What you will do => In this exercise, the entries below include pictures. Repeat exactly the lines from the line with "บัตรสมาร์ทการ์ดระยะไกล BLE Lorawan" to the line with "Osmangazi Belediyesi’nin katkılarıyla", including both, but without the pictures.
---------- Listed entries ----------
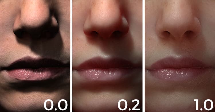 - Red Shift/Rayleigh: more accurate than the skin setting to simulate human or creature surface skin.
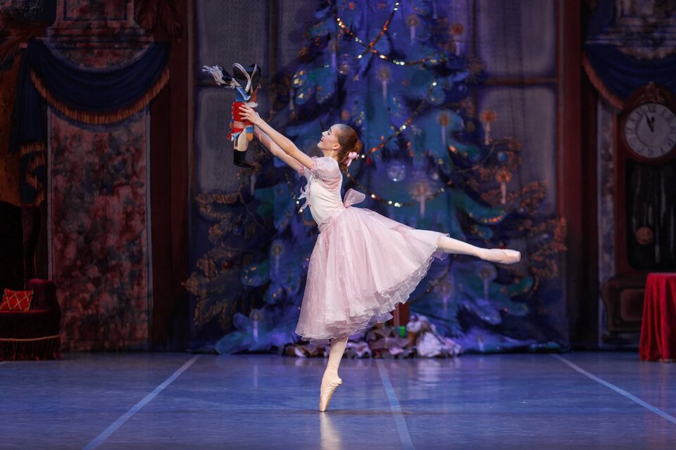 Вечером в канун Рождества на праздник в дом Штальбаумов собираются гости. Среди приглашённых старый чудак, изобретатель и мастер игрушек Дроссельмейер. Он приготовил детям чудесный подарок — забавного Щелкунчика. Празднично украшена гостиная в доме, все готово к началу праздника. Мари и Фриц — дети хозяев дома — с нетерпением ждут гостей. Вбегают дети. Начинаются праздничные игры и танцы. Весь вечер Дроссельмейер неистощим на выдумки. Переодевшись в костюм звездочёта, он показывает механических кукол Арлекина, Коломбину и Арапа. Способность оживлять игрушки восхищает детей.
----------
---------- Listed entries ----------
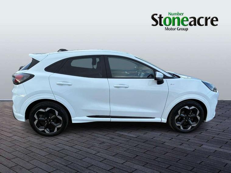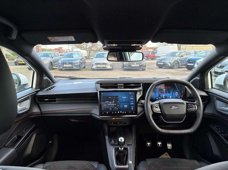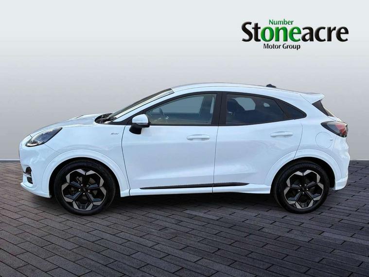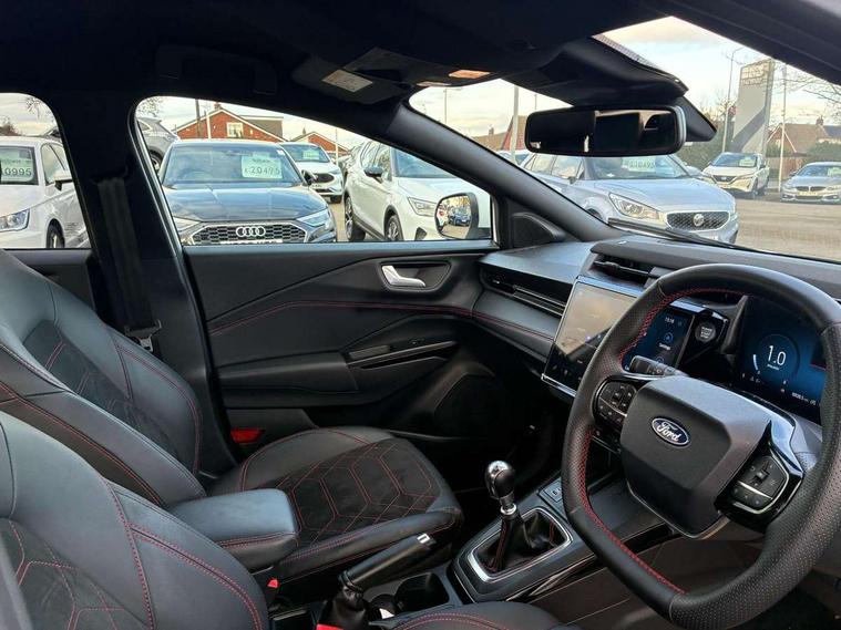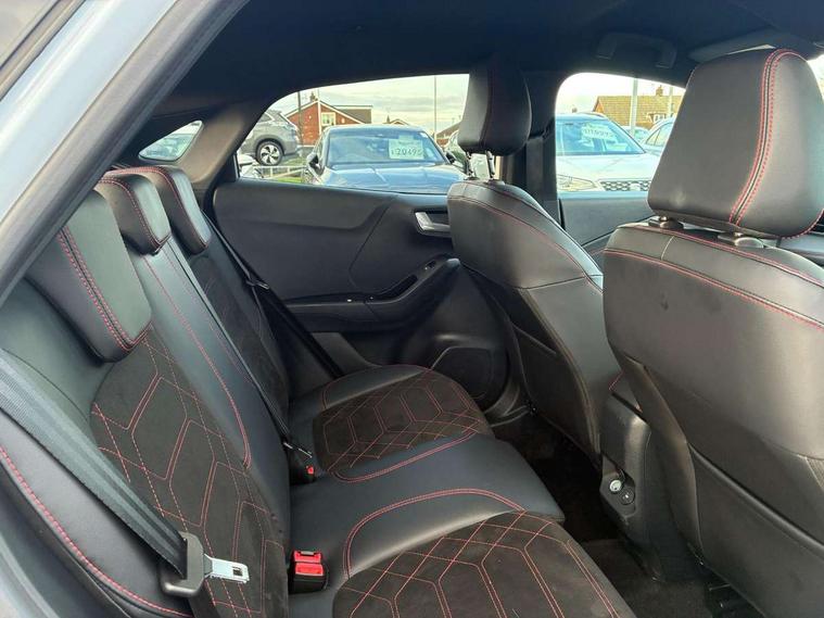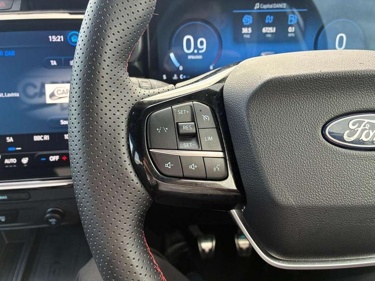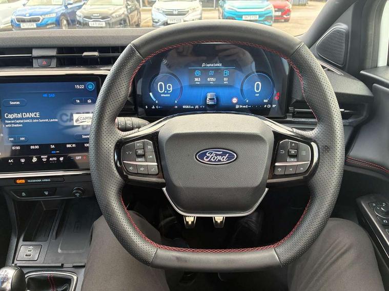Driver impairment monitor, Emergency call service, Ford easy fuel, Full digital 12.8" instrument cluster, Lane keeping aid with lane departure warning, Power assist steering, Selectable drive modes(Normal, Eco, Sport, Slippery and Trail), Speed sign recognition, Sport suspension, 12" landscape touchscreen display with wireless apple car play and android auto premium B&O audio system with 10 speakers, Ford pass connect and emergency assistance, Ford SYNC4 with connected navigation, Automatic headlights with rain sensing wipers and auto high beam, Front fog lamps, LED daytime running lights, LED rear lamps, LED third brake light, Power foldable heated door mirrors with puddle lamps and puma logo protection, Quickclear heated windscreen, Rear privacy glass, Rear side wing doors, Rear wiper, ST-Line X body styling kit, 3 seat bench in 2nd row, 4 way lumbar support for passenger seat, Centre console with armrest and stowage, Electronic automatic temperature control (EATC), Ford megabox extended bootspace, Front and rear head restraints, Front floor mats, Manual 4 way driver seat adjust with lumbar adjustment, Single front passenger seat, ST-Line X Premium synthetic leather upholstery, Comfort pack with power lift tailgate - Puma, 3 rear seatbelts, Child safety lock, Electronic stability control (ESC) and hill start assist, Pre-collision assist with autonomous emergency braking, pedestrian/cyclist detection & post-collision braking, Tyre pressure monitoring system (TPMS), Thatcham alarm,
----------
---------- Listed entries ----------
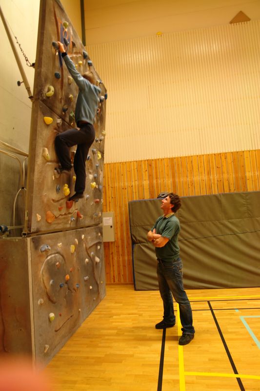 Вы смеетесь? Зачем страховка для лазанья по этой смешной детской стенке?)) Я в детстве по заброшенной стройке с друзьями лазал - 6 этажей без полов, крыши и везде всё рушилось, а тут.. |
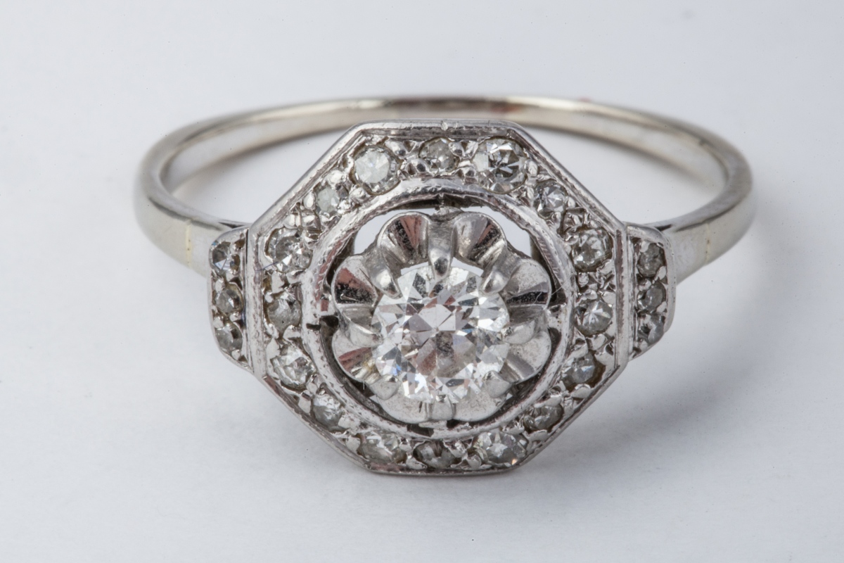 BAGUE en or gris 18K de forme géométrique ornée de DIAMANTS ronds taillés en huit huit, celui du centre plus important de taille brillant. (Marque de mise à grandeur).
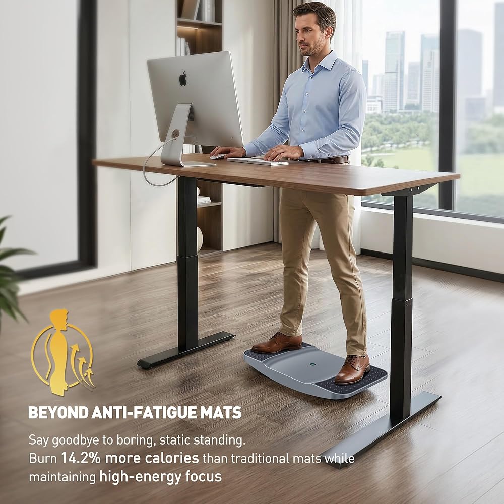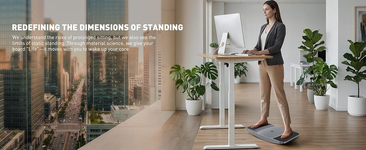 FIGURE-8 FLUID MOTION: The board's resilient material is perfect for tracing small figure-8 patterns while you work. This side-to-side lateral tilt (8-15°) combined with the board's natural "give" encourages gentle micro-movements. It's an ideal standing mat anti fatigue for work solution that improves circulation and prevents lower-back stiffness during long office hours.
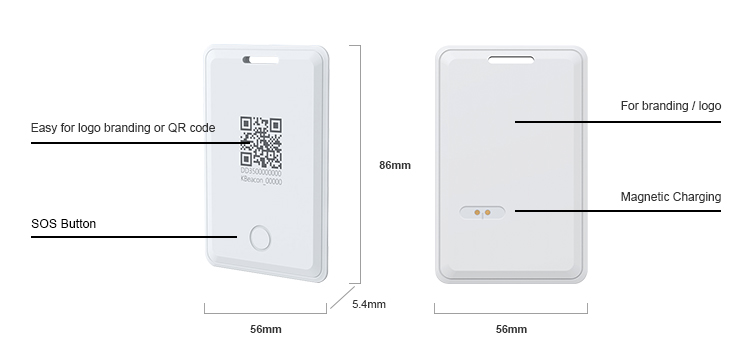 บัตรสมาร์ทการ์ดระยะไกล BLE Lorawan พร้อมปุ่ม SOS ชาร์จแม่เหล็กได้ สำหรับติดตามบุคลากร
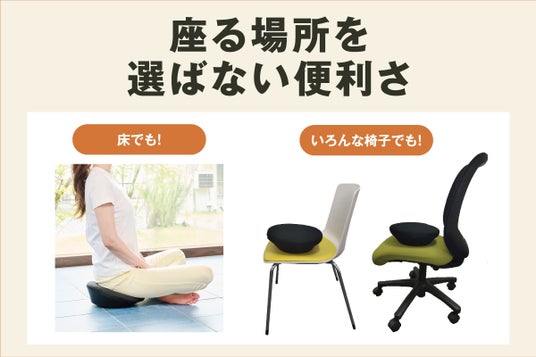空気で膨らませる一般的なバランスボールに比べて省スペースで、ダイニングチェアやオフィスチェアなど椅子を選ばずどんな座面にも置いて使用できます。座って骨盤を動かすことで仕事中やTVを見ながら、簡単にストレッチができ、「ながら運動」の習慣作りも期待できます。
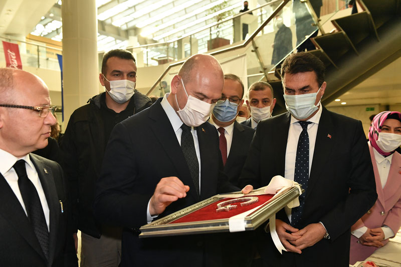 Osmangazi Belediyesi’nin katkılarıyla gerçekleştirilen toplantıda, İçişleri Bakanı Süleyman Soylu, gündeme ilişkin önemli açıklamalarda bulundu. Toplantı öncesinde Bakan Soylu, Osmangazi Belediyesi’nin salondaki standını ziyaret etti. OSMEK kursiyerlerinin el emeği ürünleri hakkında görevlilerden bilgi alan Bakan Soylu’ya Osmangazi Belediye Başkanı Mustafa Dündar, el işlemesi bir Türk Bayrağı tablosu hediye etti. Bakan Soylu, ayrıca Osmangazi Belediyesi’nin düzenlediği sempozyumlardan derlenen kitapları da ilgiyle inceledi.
----------
Solution =>
 บัตรสมาร์ทการ์ดระยะไกล BLE Lorawan พร้อมปุ่ม SOS ชาร์จแม่เหล็กได้ สำหรับติดตามบุคลากร
空気で膨らませる一般的なバランスボールに比べて省スペースで、ダイニングチェアやオフィスチェアなど椅子を選ばずどんな座面にも置いて使用できます。座って骨盤を動かすことで仕事中やTVを見ながら、簡単にストレッチができ、「ながら運動」の習慣作りも期待できます。
 Osmangazi Belediyesi’nin katkılarıyla gerçekleştirilen toplantıda, İçişleri Bakanı Süleyman Soylu, gündeme ilişkin önemli açıklamalarda bulundu. Toplantı öncesinde Bakan Soylu, Osmangazi Belediyesi’nin salondaki standını ziyaret etti. OSMEK kursiyerlerinin el emeği ürünleri hakkında görevlilerden bilgi alan Bakan Soylu’ya Osmangazi Belediye Başkanı Mustafa Dündar, el işlemesi bir Türk Bayrağı tablosu hediye etti. Bakan Soylu, ayrıca Osmangazi Belediyesi’nin düzenlediği sempozyumlardan derlenen kitapları da ilgiyle inceledi.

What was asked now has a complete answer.